Schwartz, Mochon et leurs collègues ont émis l'hypothèse que les acheteurs qui acceptaient de mettre leur rabais d'épicerie en ligne seraient plus susceptibles de faire des choix plus sains à l'épicerie.

Les chercheurs ont mené une expérience contrôlée randomisée auprès de plus de 6 500 ménages inscrits au programme Discovery Health Vitality Rewards en Afrique du Sud.

Dans l'étude, certains ménages ont eu la possibilité de s'engager volontairement à un objectif d'augmenter leurs achats d'aliments sains de 5 points de pourcentage par rapport à leur moyenne historique pour chacun des six mois de l'étude.

Ainsi, un ménage dont les achats d'épicerie étaient composés de 25 pour cent d'aliments sains, en moyenne, serait invité à augmenter le quotient d'aliments sains à 30 pour cent.

Pour certains, cela revenait à n'ajouter que quelques légumes ou aliments faibles en gras de plus par voyage au risque de perdre la totalité de leur remise mensuelle sur tous les aliments sains.

Les données ont révélé que seuls les ménages qui se sont portés volontaires pour mettre leur remise en argent en jeu ont augmenté leurs achats d'aliments sains - en moyenne de 3,5 points de pourcentage - au cours de chacun des six mois de l'étude.

Cela a été comparé aux ménages qui ont choisi de ne pas risquer leur remise et à un groupe témoin qui n'a pas eu la possibilité de prendre un engagement financier contraignant.

Même si certaines familles n’ont pas atteint l’objectif chaque mois, les chercheurs ont été surpris par leur résilience:

«Ceux qui ont échoué à la tâche - qui n'ont pas obtenu le rabais - voulaient néanmoins rester dans le programme», explique le psychologue et co-auteur de l'étude Dan Ariely de l'Université Duke.

«C'étaient des gens qui ont essayé d'utiliser la sanction financière pour améliorer leur propre comportement, sans y parvenir. Mais ils n'ont blâmé personne d'autre et ils n'ont pas arrêté d'essayer.

Ces résultats remettent en question l'hypothèse selon laquelle les gens ont besoin de plus d'informations pour prendre de meilleures décisions:

«Les gens savent parfois quelle est la bonne chose à faire, mais ils ne peuvent pas agir en conséquence», explique Ariely.

«Si nous voulons que les gens se comportent mieux, ce que nous devons faire n'est pas de leur fournir plus d'informations, mais plutôt de les aider à changer leur environnement.»

La nouvelle recherche indique que les gens comprennent vraiment l'importance d'acheter des aliments sains, et sont même prêts à se mettre une contrainte pour changer leur environnement afin d'essayer d'atteindre cet objectif.
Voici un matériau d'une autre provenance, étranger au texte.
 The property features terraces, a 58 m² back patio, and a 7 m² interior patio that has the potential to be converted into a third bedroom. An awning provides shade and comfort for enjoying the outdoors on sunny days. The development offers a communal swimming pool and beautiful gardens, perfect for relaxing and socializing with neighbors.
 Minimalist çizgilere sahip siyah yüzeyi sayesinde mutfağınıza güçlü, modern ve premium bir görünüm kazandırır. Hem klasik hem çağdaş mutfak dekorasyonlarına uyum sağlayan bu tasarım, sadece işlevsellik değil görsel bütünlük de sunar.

Sur la base de ces premiers résultats, les chercheurs veulent savoir si la stratégie de pré-engagement a incité les participants à continuer d'acheter des aliments sains même après la disparition du risque de perdre de l'argent, et quels effets cette stratégie a sur d'autres comportements de santé.
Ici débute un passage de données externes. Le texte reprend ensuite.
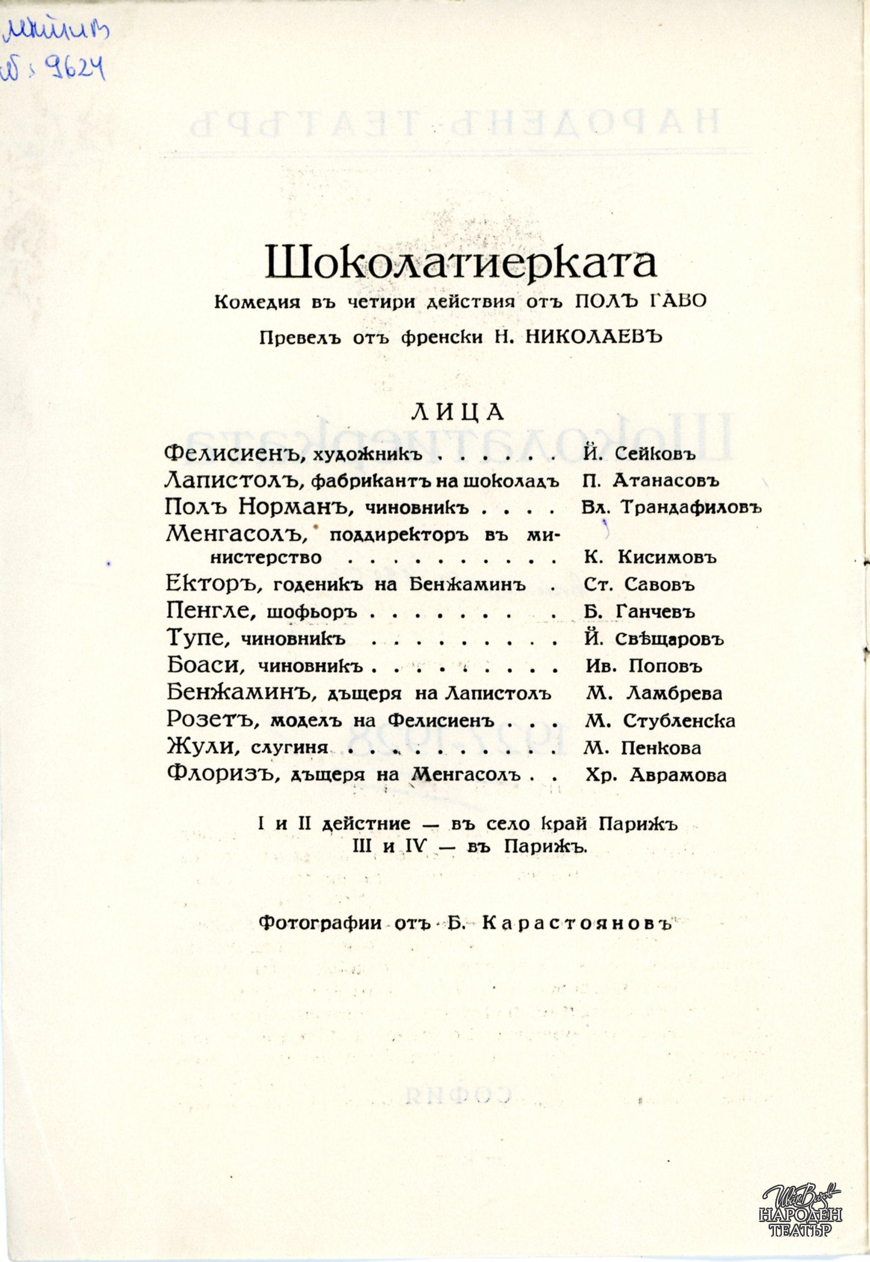 | Институция | Народен театър „Иван Вазов“, гр. София, България |

«Les gens étaient-ils tellement inspirés par leur engagement à manger plus sainement qu'ils faisaient plus d'exercice? Ou était-ce l'inverse, où une nutrition plus saine conduit à un relâchement de l'exercice? » Schwartz et Mochon ont dit.

«Nos futures études sur le terrain se concentreront sur les dispositifs d'engagement volontaire dans d'autres comportements liés à la santé, tels que les exercices en salle de sport et l'abandon du tabac, qui peuvent fonctionner dans le cadre de programmes d'incitation à grande échelle et aider les gens à garder la maîtrise de soi de manière continue.

«La gamme des questions que nous voulons étudier est très large - y compris l'alimentation, l'exercice, le sevrage tabagique, même l'éducation - et ces données nous donnent la lentille pour regarder tout cela», a déclaré Ariely.